TL;DR
This paper introduces a prediction-based Markov Violation Score (MVS) to detect non-Markovian observations in reinforcement learning, helping distinguish sensor violations from other suboptimality sources.
Contribution
It proposes a novel, model-free score that quantifies non-Markovian structure in observations, validated across multiple environments and algorithms.
Findings
MVS correlates positively with noise intensity in high-dimensional tasks.
Under training noise, reward degradation aligns with increased MVS.

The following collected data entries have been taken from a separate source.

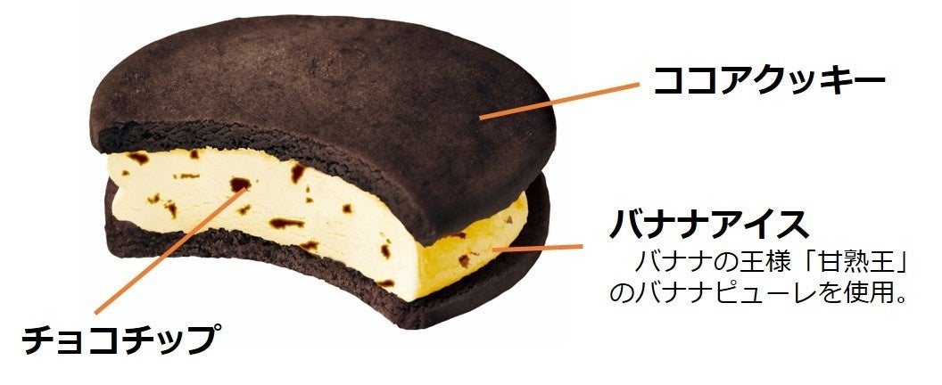 今回発売する「甘熟王チョコバナナサンドアイス」は、アイスに「甘熟王」のバナナピューレを使用しているため、熟したバナナの濃厚な香りや甘さを堪能いただけます。さらにチョコチップを混ぜ込んだアイスをココアクッキーでサンドすることで、チョコチップやクッキー複合的な食感もお楽しみいただけます。
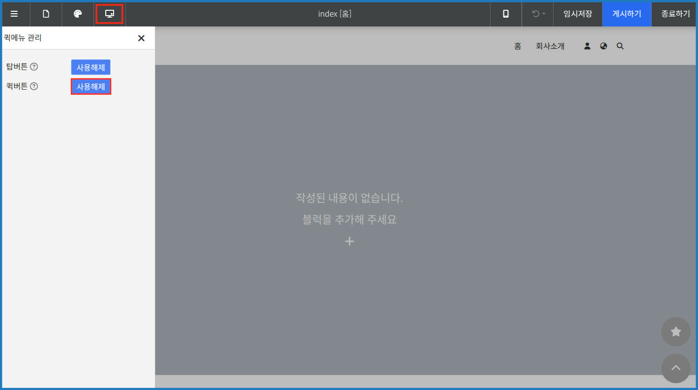 [디자인 편집] - [퀵메뉴 관리] - 퀵버튼의 [사용해제] 버튼을 이용해서 비활성화 할 수 있습니다.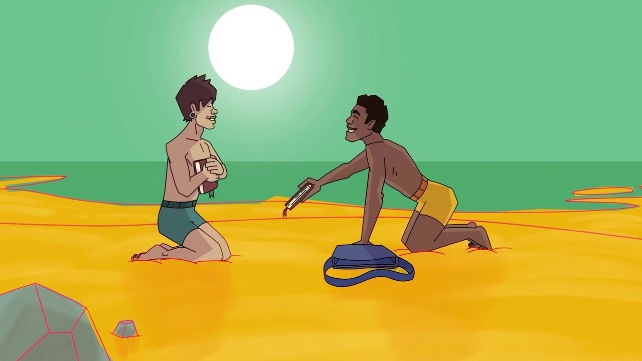 The jewel-toned animation of queer teenage love is chronicled by guitar-playing mermen and the vocals of AJ Rafael and Chance Calloway. This is a love story illustrating the kind of connection without stigma or trauma that queer teens deserve.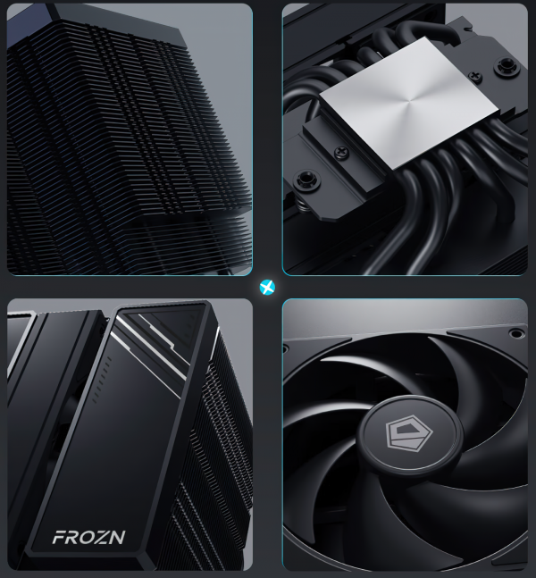 O radiador de alumínio FROZN A620 Black contém 108 aletas e seis tubos de cobre condutores de calor, além de uma base de cobre niquelada. A capacidade do novo produto de dissipar 260 W de energia térmica significa que o cooler pode suportar qualquer processador moderno de consumo da Intel e AMD.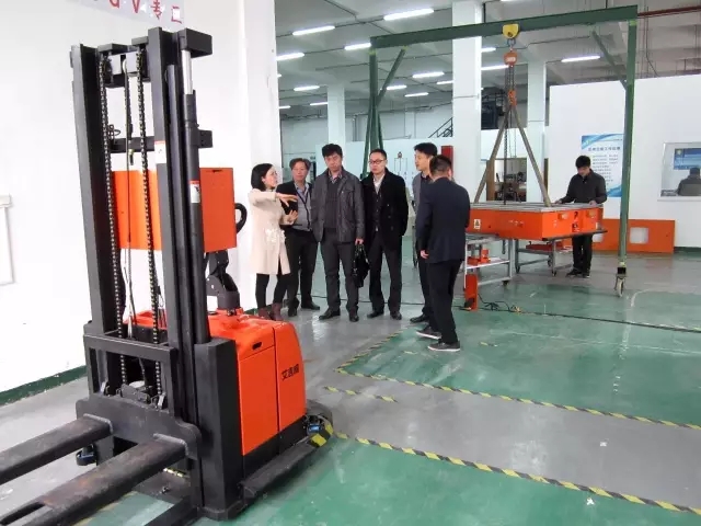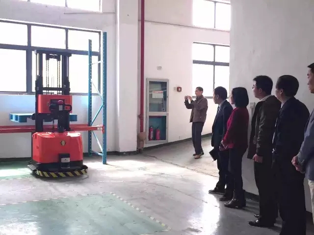 (許局一行觀(guān)看艾吉威無(wú)反光板激光自主導(dǎo)航叉車(chē)AGV演示)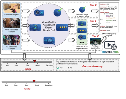 Video quality assessment (VQA) is a fundamental computer vision task that aims to predict the perceptual quality of a given video in alignment with human judgments. Existing performant VQA models trained with direct score supervision suffer from (1) poor generalization across diverse content and tasks, ranging from user-generated content (UGC), short-form videos, to AI-generated content (AIGC), (2) limited interpretability, and (3) lack of extensibility to novel use cases or content types. We propose Q-Router, an agentic framework for universal VQA with a multi-tier model routing system. Q-Router integrates a diverse set of expert models and employs vision--language models (VLMs) as real-time routers that dynamically reason and then ensemble the most appropriate experts conditioned on the input video semantics. We build a multi-tiered routing system based on the computing budget, with the heaviest tier involving a specific spatiotemporal artifacts localization for interpretability. This agentic design enables Q-Router to combine the complementary strengths of specialized experts, achieving both flexibility and robustness in delivering consistent performance across heterogeneous video sources and tasks. Extensive experiments demonstrate that Q-Router matches or surpasses state-of-the-art VQA models on a variety of benchmarks, while substantially improving generalization and interpretability. Moreover, Q-Router excels on the quality-based question answering benchmark, Q-Bench-Video, highlighting its promise as a foundation for next-generation VQA systems. Finally, we show that Q-Router capably localizes spatiotemporal artifacts, showing potential as a reward function for post-training video generation models.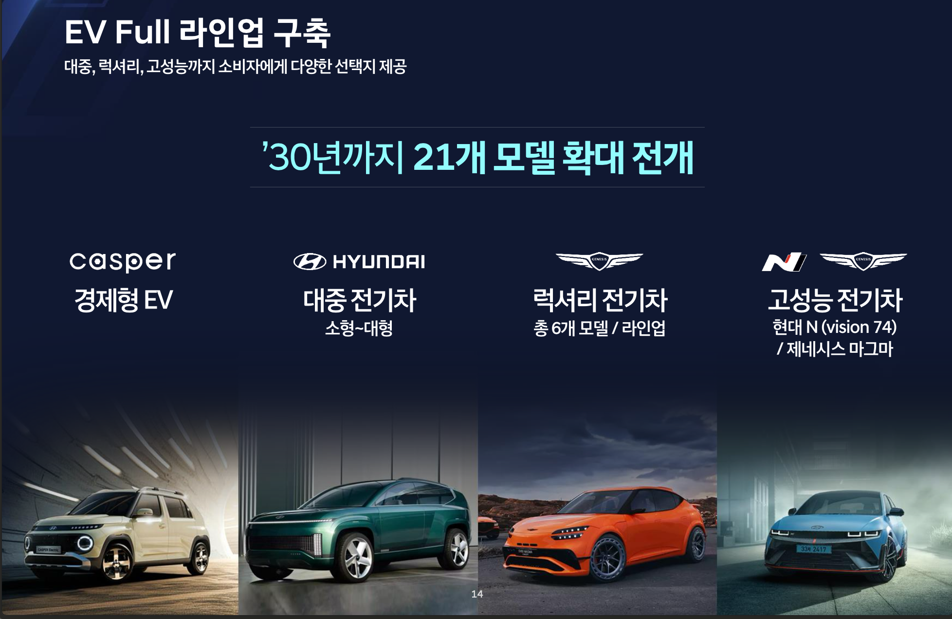 전기차는 2030년까지 시장 회복을 지켜보면서 모델 수를 확대해 나가기로 했습니다. 하이브리드와 주행거리 연장형 전기차(EREV)로 수익성을 확보하는 한편 전동화 수요 회복이 예상되는 2030년까지 점진적으로 전기차 차종을 21종까지 늘려가기로 했습니다. 특히 경제형 EV에서부터 럭셔리·고성능까지 전기차 풀라인업을 구축해 소비자들에게 다양한 선택지를 제공하며 다가올 전기차 시대를 선도할 방침입니다.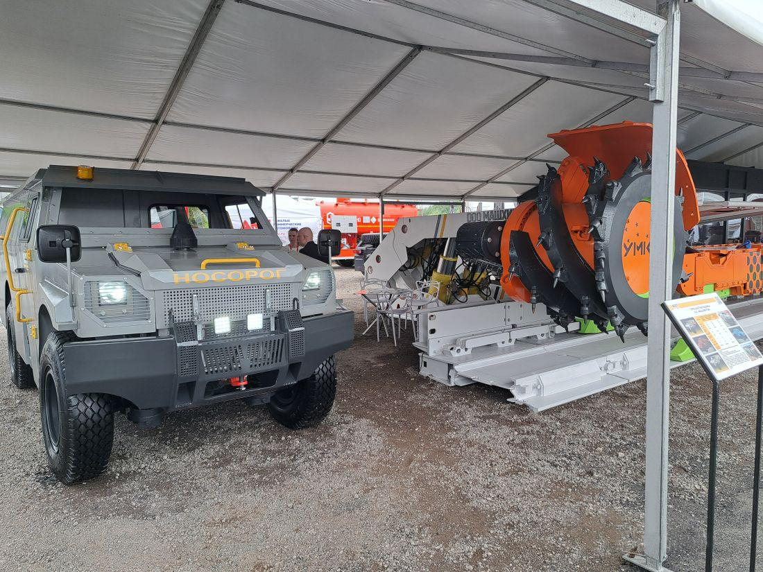 МАШХИМПРОМ представил внушительные по габаритам экспонаты: механизированные крепи, очистные комбайны и шахтный транспорт. Особое внимание посетителей привлекла новинка этого года – горно-шахтная машина «НОСОРОГ».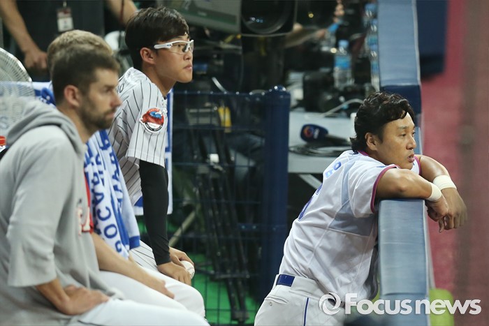 (서울=포커스뉴스) 16일 서울 고척 스카이돔에서 열린 2016 프로야구 올스타 경기에서 지명타자로 출장한 드림팀 이승엽이 더그아웃에서 난간에 턱을 괴고 경기를 관전하고 있다.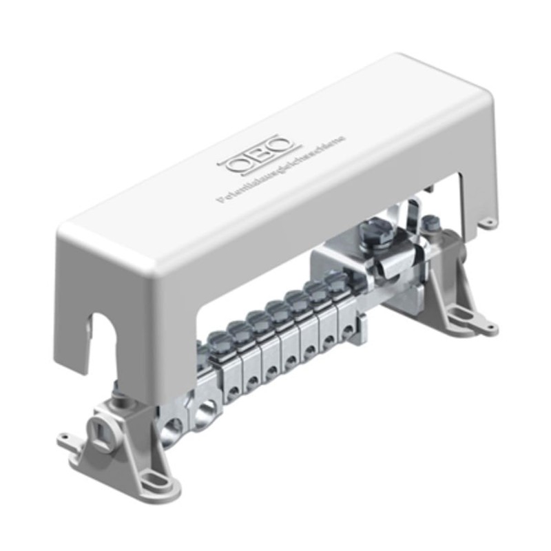 Features: according to VDE 0618, part 1 with clamping rail 10 x 10 mm made of brass, nickel-plated with contact-proof steel terminals, galvanised cover and rail blocks made of polystyrene, grey lightning current bearing 100 kA (10/350) tension bracket with screw locking against self-loosening (e.g. required in industry and ex-areas).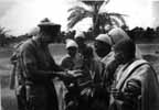 Nevertheless, the war did not seem to rest too heavily upon the simple farmers and artisans of the land. Hundreds of them sprang up like mushrooms along the roads taken by our conquering army. Each seemed well-fed. Each had a cheerful grin. Some were arrayed in all kinds of cast-off "scrounged" army clothes. They could be depended upon to produce a fresh egg or a chicken from the folds of their customary flowing robes, like a magician pulling a rabbit out of a hat: one of the mysteries of life in the African "bush." And they were shrewd in the bargains they made.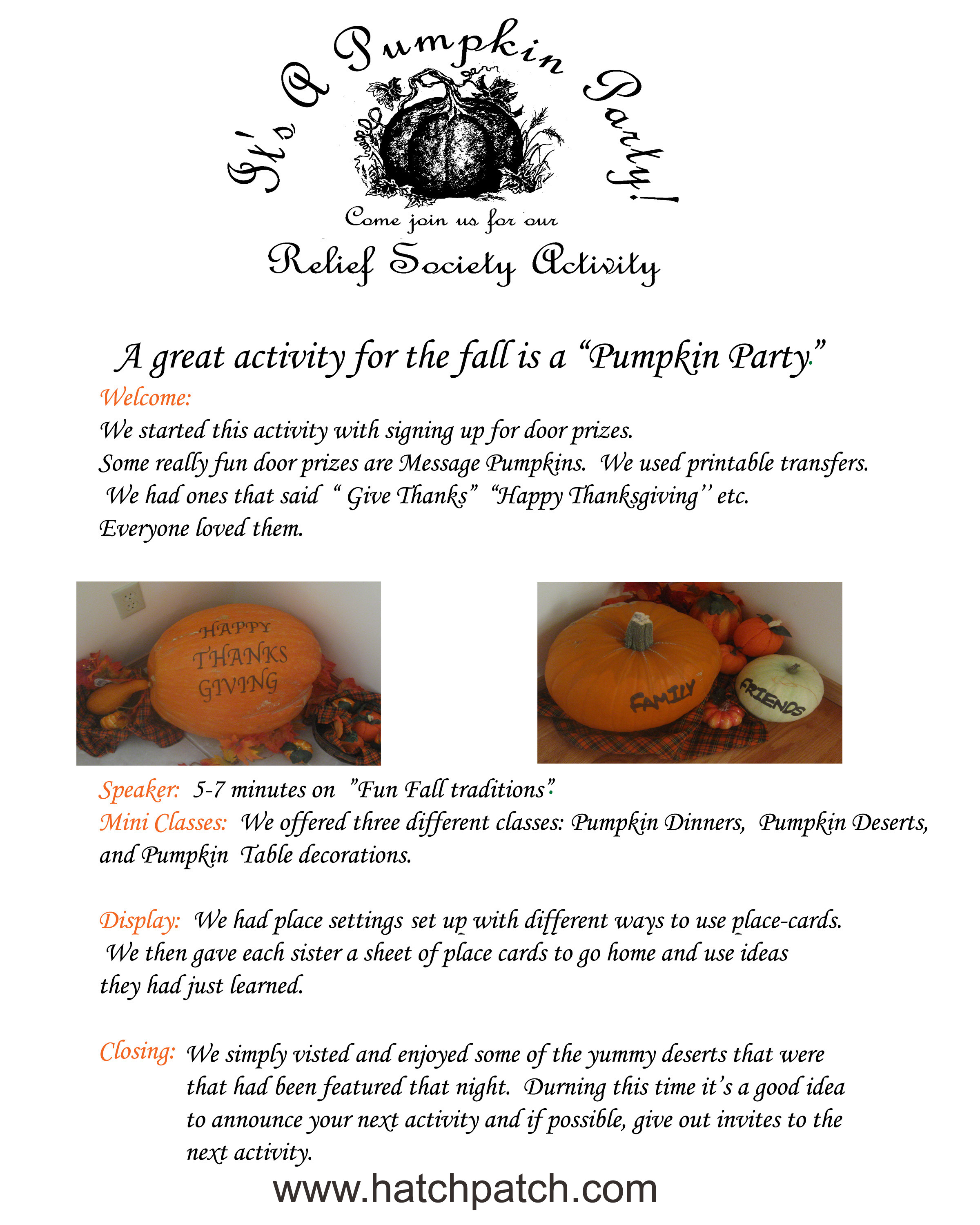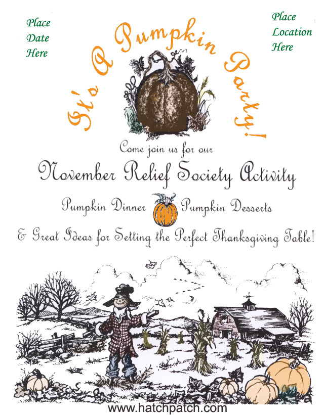 This is a great activity for the fall. We chose to have this at one of the sisters homes. I’m attaching the Info sheet, a flier you can use, and the name cards we used for one of the activites. This evening was a lot of fun, it helped us get in the mood for all the Fall holidays.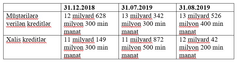 2018-ci ilin sonu ilə müqayisədə 8 ay ərzində müştərilərə verilən kreditlər 898 milyon 100 min manat, xalis kreditlər isə 892 milyon 900 min manat artıb.

MVS effectively identifies partial observability and guides architecture choices.
Abstract
Reinforcement learning algorithms assume that observations satisfy the Markov property, yet real-world sensors frequently violate this assumption through correlated noise, latency, or partial observability. Standard performance metrics conflate Markov breakdowns with other sources of suboptimality, leaving practitioners without tools to detect such violations. This paper introduces a prediction-based Markov Violation Score (MVS) that quantifies non-Markovian structure in observation trajectories. A random forest first removes nonlinear Markov-compliant dynamics; ridge regression then tests whether historical observations reduce prediction error on the residuals beyond what the current observation provides. The resulting score is bounded in [0, 1] and requires no causal graph construction. Evaluation spans six environments (CartPole, Pendulum, Acrobot, HalfCheetah, Hopper, Walker2d),…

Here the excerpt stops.